There are many reasons for businesses looking to develop or expand their markets and sales beyond UK shores, explains Mark O'Shea Commerce & Technology Team, including:

  • Virgin markets with strong demand
  • Developing new sources of revenue
  • Taking advantage of favourable exchange rates
  • Supplying leading edge technology/services
  • High domestic prices affecting UK sales
  • Mature/saturated domestic market/stiff domestic competition

Taking the plunge can require a degree of nerve, but what factors do you need to consider when doing so?

1) Do you intend to sell your products direct from the UK? 

  • Are you intending on making direct sales from the UK, for example via your website? If so, what restrictions are there on selling on-line to overseas customers? 
  • Can you refuse to supply to customers in certain countries? Are there embargoes on selling/supplying particular products into some countries? 
  • What terms and conditions can you/should you impose on your customers (whether businesses or consumers)? 
  • What rights do customers have to reject goods, whether for defects or otherwise? 

2) Or do you intend to appoint a local agent or distributor? 

  • If you intend appointing an agent, how will you identify a suitable agent to represent your business? 
  • What is the agent's remit? Are they authorised to bind you to a sale contract? 
  • Can you prevent the agent/distributor from selling and/or promoting competing products or services? 
  • How will the agent be remunerated? 
  • What local laws will you need to comply with when appointing an agent? 
  • Will the agent be entitled to compensation or other recompense when the agency comes to an end, e.g. under the Commercial Agents (Council Directive) Regulations 1993 or their local equivalent? Do you need to make financial provision for this? 
  • How can you be sure the agent is conducting business in accordance with your ethical standards and anti-corruption policies and laws? 
  • If you appoint a distributor, how does this differ from an agent? 
  • Will the distributor be appointed on an exclusive or non-exclusive basis? 
  • What discount will the distributor receive on purchases from you? 
  • Is the distributor entitled to compensation or other recompense on termination? 
  • With agents or distributors, how should you deal with underperformance? 
  • What are your termination rights and what country's law governs the contract? 

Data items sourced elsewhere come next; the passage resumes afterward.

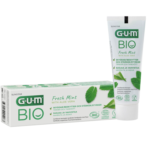 Ekologisk certifierad, vegansk tandkräm som inte innehåller några mikroplaster och inte är testad på djur. Med 99% naturliga ingredienser och 22% ekologiska ingredienser är GUM BIO Tandkräm extra skonsam mot tandkött och tänder. Innehåller fluor och uppfyller samma kriterier som andra GUM tandkrämer. Med ekologisk aloe vera och ekologisk pepparmynta för att säkerställa en uppfriskande frisk mun.
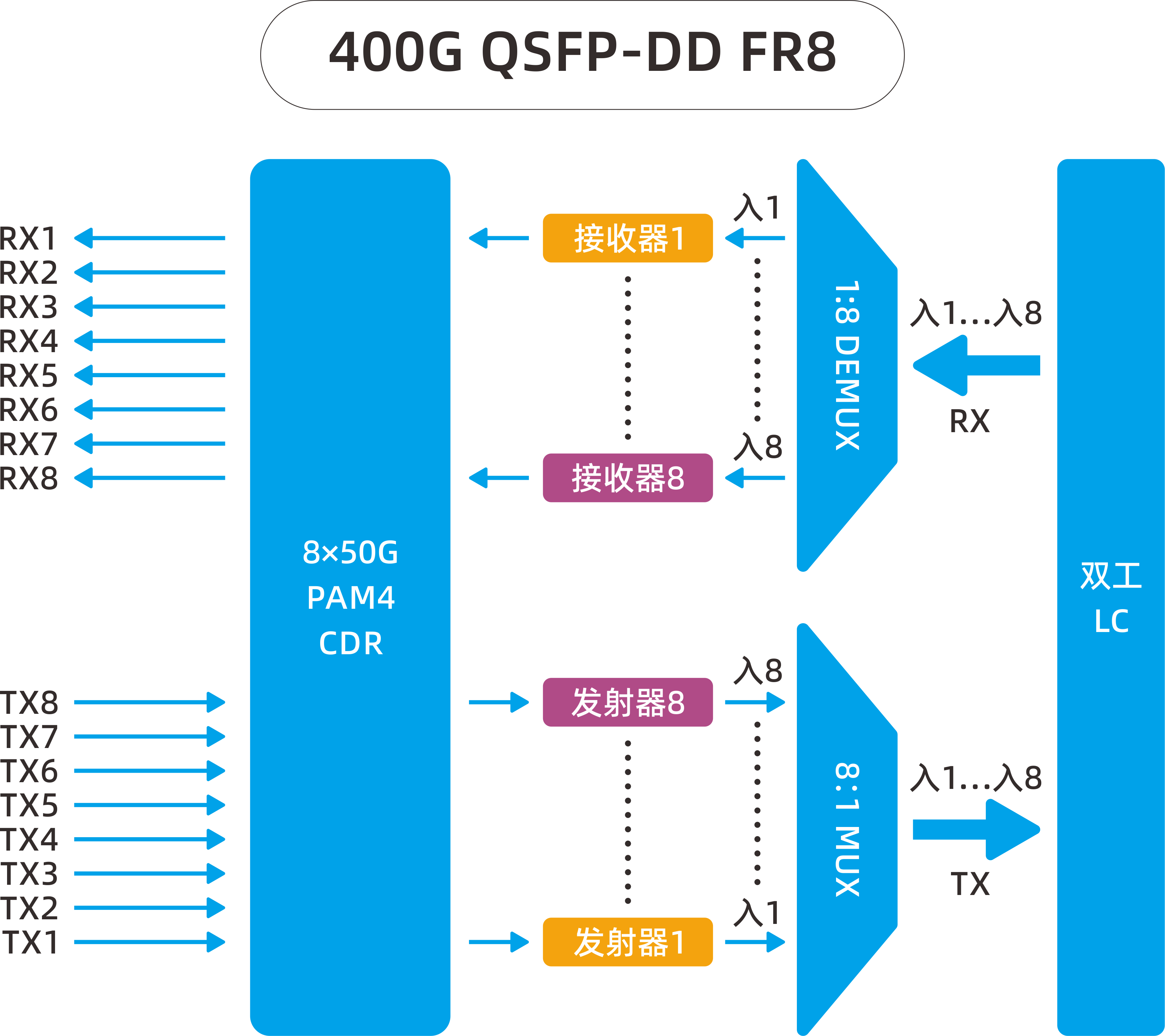 | 项目 | 400G QSFP-DD FR4 2km | 400G QSFP-DD FR8 2km |
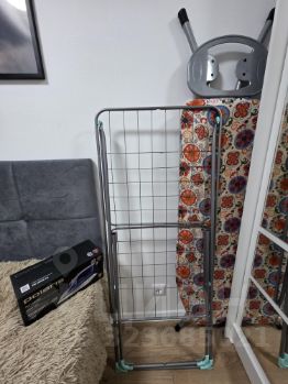 Также из бытовых мелочей имеются чайник, утюг, гладильная доска с сушилкой для одежды и пылесос.
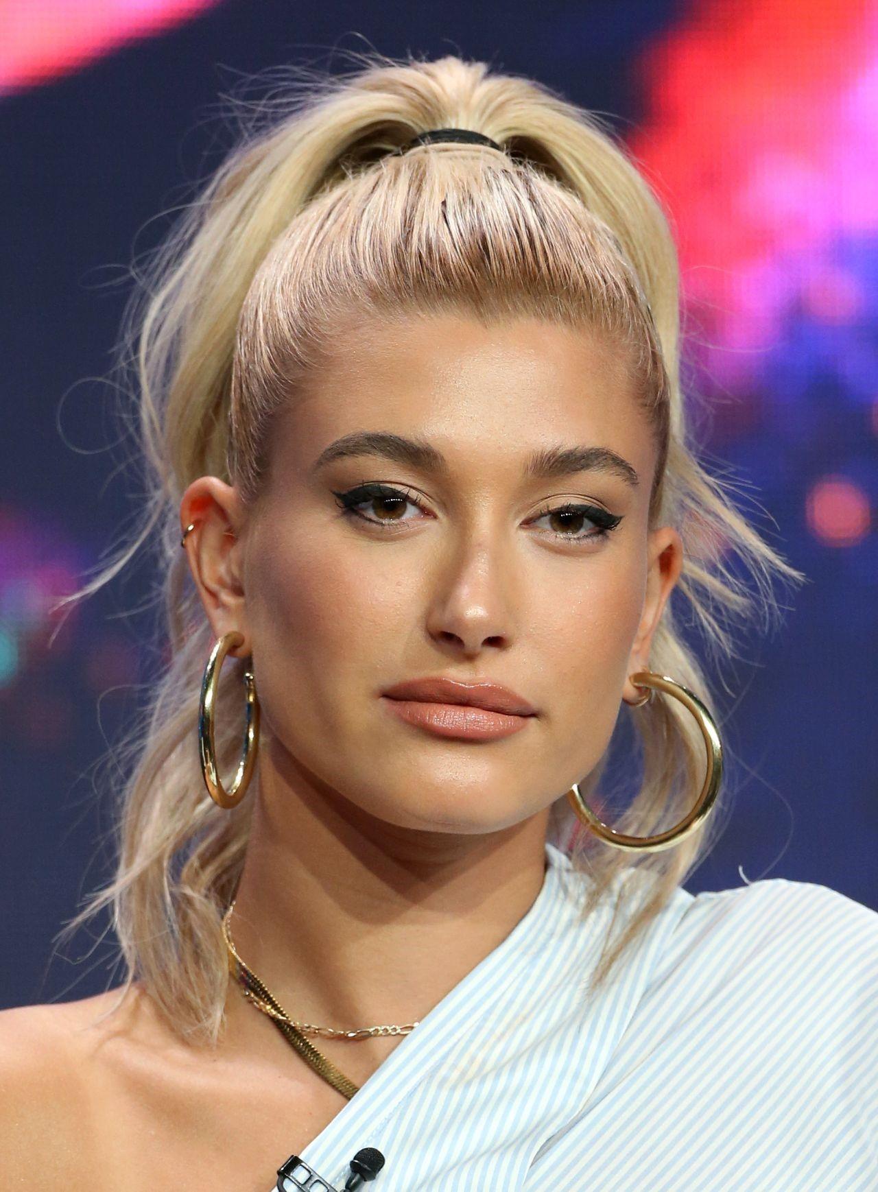 Хвост на затылке или на макушке. Классно смотрятся укладки с небрежным хвостом типа «сделал как попало, и побежал». Тут надо начесать прядки и, вспушив, зафиксировать чем-то. Так любят делать Хейли Болдуин, Кендалл Дженнер и др.
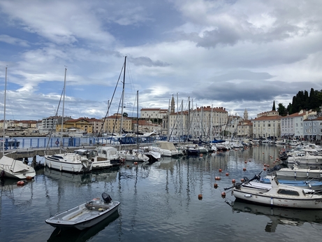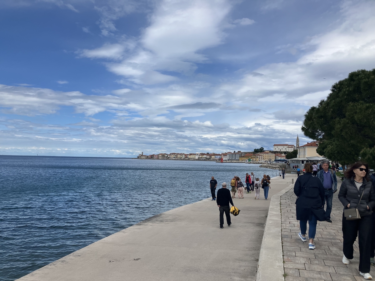 Kurz vor unserem Ziel, dem slowenischen Piran, mussten wir unsere Wagen in eine Garage stellen, da der Ort für den Verkehr gesperrt ist. Nachdem schlussendlich alle den richtigen Ausgang auf Meereshöhe gefunden hatten, spazierten wir gemütlich dem Ufer entlang ins Städtchen und trotzten dem heftig blasenden Wind. Wir wussten, weshalb wir eine Jacke dabeihatten! Mitten im Ort aßen wir auf einem kleinen Platz zu Mittag, wobei wir sehr lange warten mussten und am Schluss fast durchgefroren waren.
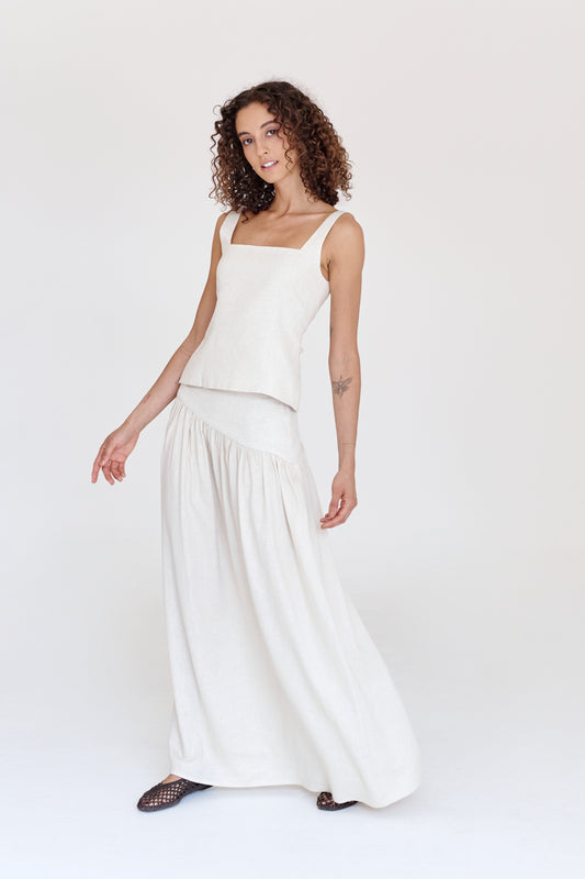 70% VISCOSA 30% LINO Falda larga con corte asimétrico en la cadera que acentúa la...
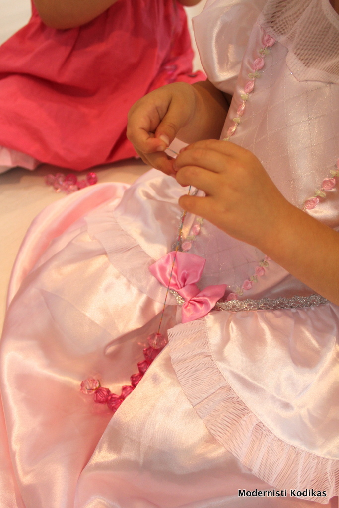 Ohjelmassa oli seuraavaksi onginta. Viritin työhuoneen ovelle lakanan ja ripustin keppiin narulla roikkumaan pikkuisen pärekorin. Yksi kerrallaan vieraat saivat onkia ja jokaiselle oli valmiina saaliiksi vaaleanpunainen pikkuinen paperipussi. Sieltä löytyi pieni muumipatukka, keijukaispinni sekä ”jalokiviä”. Näistä muovihelmistä neidit saivatkin askarrella itselleen käsi- tai kaulakorun mukaansa. Tämä oli kiva ohjelmanumero ja oli liikuttavaa katsoa tarkkaa askartelutyötä. Tässä vaiheessa päivänsankari oli jo ehtinyt vaihtaa vaatteet 😀
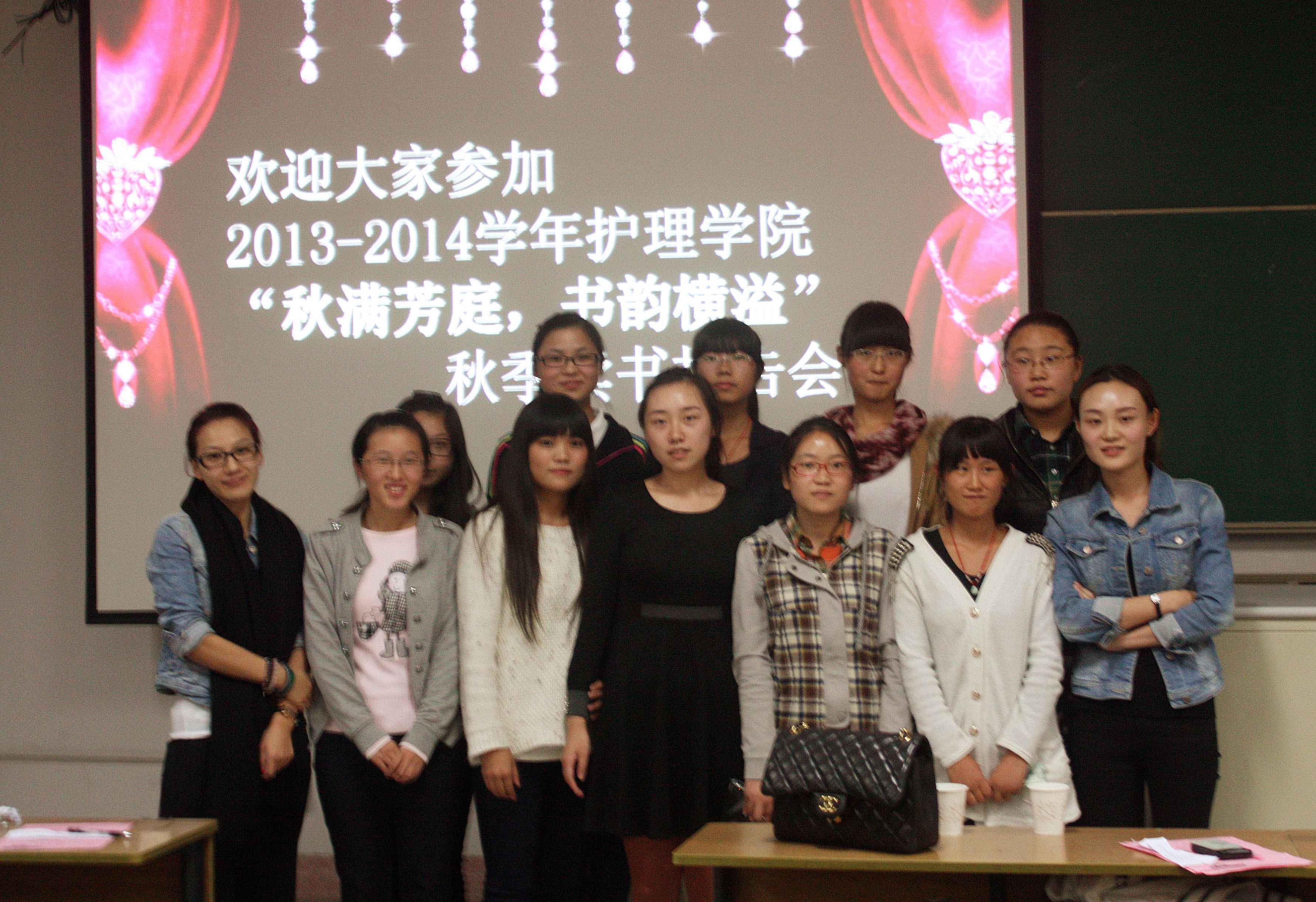 2013年10月21日晚,由米兰(中国)让运动改变生活策宣中心主办,2011级护理5班承办的2013-2014年度秋季读书报告会“秋满芳庭,书韵横溢”在K215举行。吴菲老师和付梦楠老师作为专业评委莅临了读书报告会,院学生会主席王玥,团总支副书记徐颖,蒲爱园院长杨兰婷和策宣中心主任蒋慧敏也作为专业评委参加了报告会。
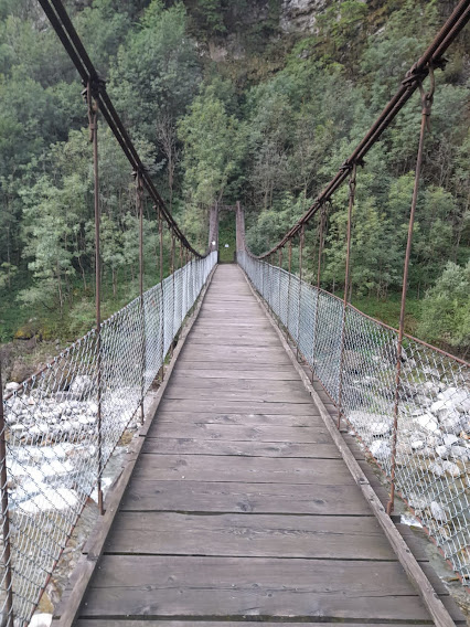 Parcheggiamo all’altezza dei campi sportivi, in frazione Riva, sotto i bruttissimi viadotti in acciaio Corten della nuova VS33, a quota 475. Bottiglie e pacchi vari saliranno sulla Jeep del nostro ospite. Attraversiamo il torrente Diveria ed imbocchiamo il sentiero F01 che ha come meta finale il Passo dell’Acqua Fredda e il bivacco di Pian Pumper.
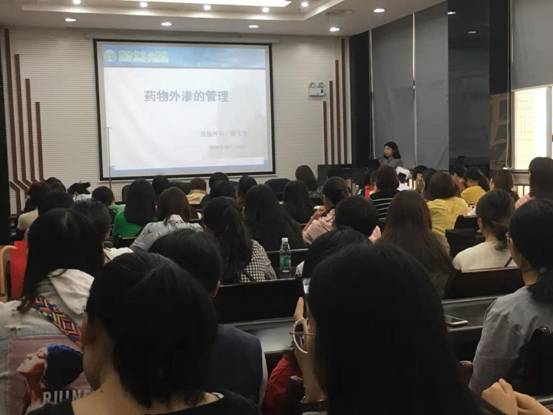 守護針尖上的安全,你我同行 發(fā)布時間:2018年10月16日 11:40:25 預覽:2541次 通訊員肖志喜報道:靜脈輸液是臨床治療中常用的治療手段,為了提高我院靜脈治療水平,靜療小組積極提高業(yè)務能力和輸液安全管理能力,并帶動全院輸液治療更加規(guī)范化、科學化,從而為患者提供安全、有效的靜脈治療。 10月10日下午三點,我院靜療??菩〗M第四季度的培訓在華新分院15樓會議室舉行。護理部副主任楊柳、護理總帶教羅明慧老師、各科護士長、各科室靜療??菩〗M聯(lián)絡員參加了此次培訓活動,培訓由靜療小組組長李小敏護士長主持。 此次培訓分為理論講解和操作示范兩部分。課上,唐美容護士長就藥物外滲的原因、表現(xiàn)、處理及預防進行了深入淺出的講解,課堂氣氛活躍,現(xiàn)場積極互動。隨后,泌尿外科護士李瑯用情景模擬的方法現(xiàn)場演示了留置針的規(guī)范操作,并對大家的提問給予詳細解答和示范。 最后,羅明慧老師總結了在靜脈治療操作中護士應掌握的要點及各個細節(jié),進一步提高輸液治療水平,保障患者安全。 通過此次培訓,大家對藥物外滲的管理有了更深刻的認識,對靜脈治療操作技術的規(guī)范有了新的正確理解,也體會到了操作中細節(jié)的重要性。學以致用,在提高自己業(yè)務能力的同時,為患者提供更安全、有效的護理服務。

3) Or will you set up a local subsidiary company or branch office?

  • What are the legal formalities for either option? How much will it cost? 
  • Will you set up a stand alone company locally or will it be within your existing group structure? 
  • Do you have to have shareholder and/or director resident in the relevant country? 
  • What are the tax considerations? 
  • Is franchising or licensing a better option? 

4) What do you need to do to protect your intellectual property rights?

  • What can or should you register/protect? 
  • How should you go about registering/protecting your patents, trade marks or other IPR? How much is that going to cost? 
  • Should you licence IPR from the UK? Should you set up a separate company to hold and/or licence your IPR? 
  • Do you need confidentiality undertakings to protect your know-how / trade secrets?

5) What contracts should you put in place?

  • What terms and conditions should you have? 
  • Do you need an agency / distribution agreement? If so, what terms should you include and will you need local legal advice on that? 
  • What other documentation do you need to put in place? 
  • Do you need to comply with data protection and distance selling laws? 
  • Does your product liability insurance cover sales made outside of your usual markets?

6) Do you need to ensure that you have registered local trade marks/domain names?

  • Should you register trade marks / domain names locally in the relevant countries? 
  • Or can you let the agent or distributor do so? If yes, how do you get these back when you terminate or end your relationship?

7) On termination, what do you need to ensure? 

  • Do you need to have a non-solicitation clause? Will it be enforceable? 
  • Can you get hold of customer lists? 
  • How can you ensure that the agent/distributor returns or destroys any confidential information or data? 
  • Can you oblige the agent/distributor to assist your transition to your new agent/distributor? 

Many of the answers to these questions can be determined through your due diligence, but some will require specialist and/or local legal advice and support.

The content of this article is intended to provide a general guide to the subject matter. Specialist advice should be sought about your specific circumstances.